The study was Phase 1, open-label, randomised, single-dose, cross-over study to estimate the dose proportionality and bioavailability in TD delivery system relative to comparator immediate-release tablet formulation in adult healthy volunteers. The study statistician worked closely with the client to get an in-depth insight on clinical trial and the study, trial planning, the way it has been conducted and reported, and about regulatory requirements involved with it. The statistician also worked with in-house medical experts to refine the objectives and identified variables that were required from the client’s end. This includeds type of design and comparison, randomization and blinding method, definition and measurement of primary and secondary indicators, test hypothesis, definition of analysis set, plan for efficacy and safety evaluation and statistical analysis, principles for the analysis of primary indicators and expected method of analysis, and finally generalized principles and methods for explanator trials. The datasheet was shared to us that contained participant information including their demographic, clinical parameters including their body mass index, medical history, physical examination, electrocardiogram (ECG), routine laboratory tests (blood chemistry, haematology, and urinalysis. Prior to database lock, we cross-checked for any mismatches with the data shared and the objectives /endpoints.

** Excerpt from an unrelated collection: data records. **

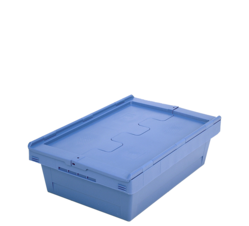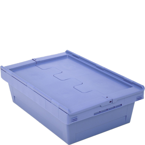 Im Euromaß. Aus bruchsicherem Polypropylen in taubenblau. Das Lagergut lässt sich durch die geschlossenen Wände vor Staub geschützt lagern und der Behälter lässt sich leicht reinigen. Boden geschlossen. Das Lagergut ist vor Staub und Schmutz geschützt durch den zweiteiligen Scharnierdeckel. Mit offenem Deckel ineinander stapelbar. Für Rollenbahnen geeignet. Temperaturbeständig von -20 °C bis +80 °C.
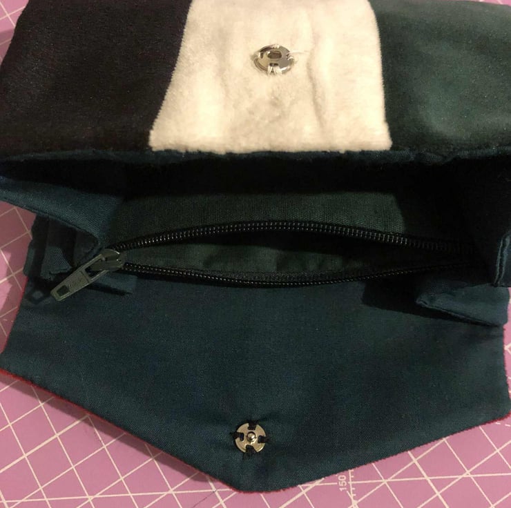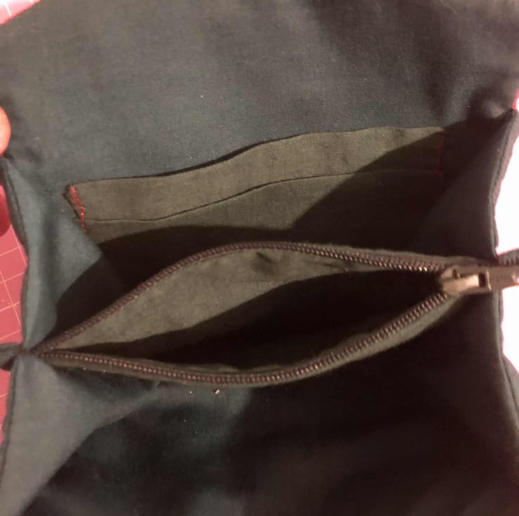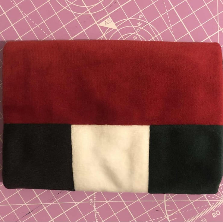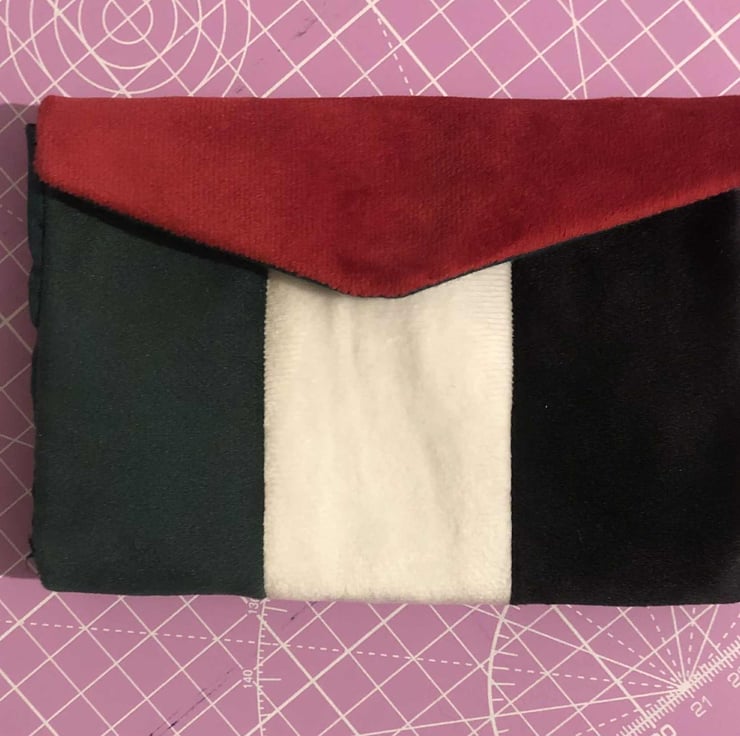 Soft velvety envelope purse, with card slots and zipped coin section in the middle. Made from velvet fabric outer and cotton lining and inner.
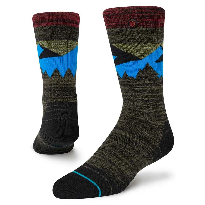 Capture the spirit of conquering the Continental Divide on your own two feet. Decorated with cobalt peaks and spun with Merino wool, these mid-calf socks are designed to keep you warm and feeling fresh. Â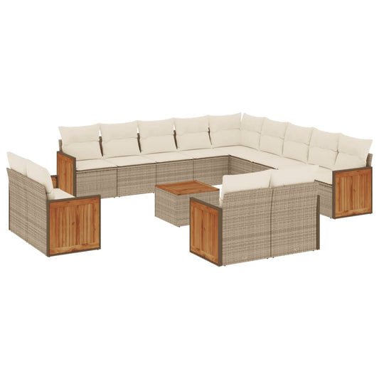 14-tlg. Garten-Sofagarnitur mit Kissen Beige Poly Rattan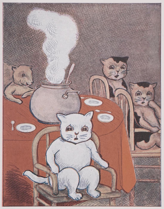 The Three Little Curly-Tails would not wait, they were so hungry. They put their paws in the kettle and burned them badly.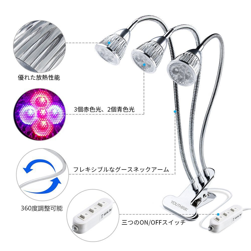 Light wavelength: red (620 - 630 nm), blue (near 460 nm) -

The draft of statistical analysis plan (SAP) and TLF and other necessary documents as final protocol, incorporating all amendments and summaries, the SAP template used to create the SAP and investigator brochure was handed over to the medical writer. The role of the medical writer was to perform functional QC in terms of content, reliability and format. We ensured that the medical writer provided comments on TLFs prior to database lock. Once the SAP was finalized, medical writer drafted CSR without the inclusion of actual results and circulated the shell for co-author’s review. Conflicting comments were resolved successfully. After database lock, final TLFs were run and handed over to medical writer which included a) final SAP including any amendments b) Interim analysis findings and c) Approved TLFs in a prescribed format.


Our Outcomes and Impact


An appropriate analysis was carried out, such as descriptive statistics, linear regression analysis with log-transformed data to examine the relationship of dose and AUCs and identify dose linearity. To identify effects due to participant, period and treatment, a cross-over analysis of variance (ANOVA)using log-transformed dose-adjusted AUC and Cmax. Using the pooled residual error and associated degrees of freedom from the ANOVA, the power to detect a 20% difference between treatment means for an alpha level of 0.05 (2-tailed) was calculated.  Our medical writer experienced in handling pharmacokinetics came up with a clinical study report accompanied by tables, listing and figures (TLFs) displaying all study data and results with required appendices compliant with International Conference on Harmonization (ICH) E3 (Structure and Content of Clinical Study Reports) guidelines. Our writer ensured to follow standard American Medical Association (AMA) punctuation rules. The report was prepared with a description of the findings of the statistical analyse for the clinical investigation and confirm that the analyses were conducted per the statistical analysis plan. Deviations from the statistical analysis plan or additional unplanned analyses are fully described in the statistical report.


Lessons Learned


  • During the analyses, it is mandatory to check study objectives, efficacy parameters and safety parameters were consistent with the protocol. If any changes, the justifications should be described.
  • The statistician must understand how the TLFs correspond to the study objectives and endpoints.
  • It is the responsibility of the medical writer to refer and state World Health Organization Drug Dictionary WHO DD and Medical Dictionary for Regulatory Activities (MedDRA) to clarify the definitions.